Task objective:
The full listing, exactly as written and with no images, is the expected output.

Dataset content:
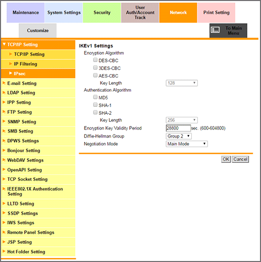 1. In the Network tab, click TCP/IP Setting - IPsec to display the IPsec operation selection screen.
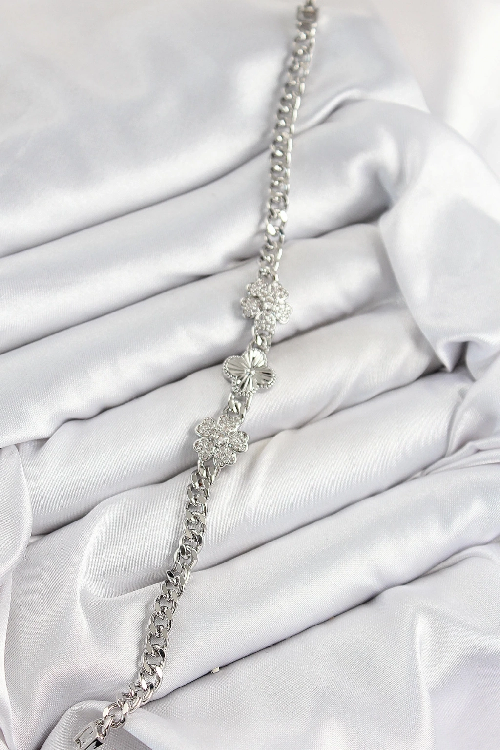 ® Pirinç Zirkon Taşlı Yonca Model Gümüş Renk Kadın Bileklik
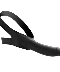 Get up close and personal with the Face Fuk from the Master Series. This stretchy, all-latex strap on is designed to fit over the mouth or chin. You or your plaything can use it as a gag, or wear it on the chin which leaves the tongue free to roam as the dildo penetrates. The rigid black dildo is nice and stiff, with just enough give to the lifelike shaft. Comfortable and sturdy, the stretchy rubber straps run behind the head and beck, keeping it in place and stretching to fit most any size and shape.

Answer to this task:
 1. In the Network tab, click TCP/IP Setting - IPsec to display the IPsec operation selection screen.
 ® Pirinç Zirkon Taşlı Yonca Model Gümüş Renk Kadın Bileklik
 Get up close and personal with the Face Fuk from the Master Series. This stretchy, all-latex strap on is designed to fit over the mouth or chin. You or your plaything can use it as a gag, or wear it on the chin which leaves the tongue free to roam as the dildo penetrates. The rigid black dildo is nice and stiff, with just enough give to the lifelike shaft. Comfortable and sturdy, the stretchy rubber straps run behind the head and beck, keeping it in place and stretching to fit most any size and shape.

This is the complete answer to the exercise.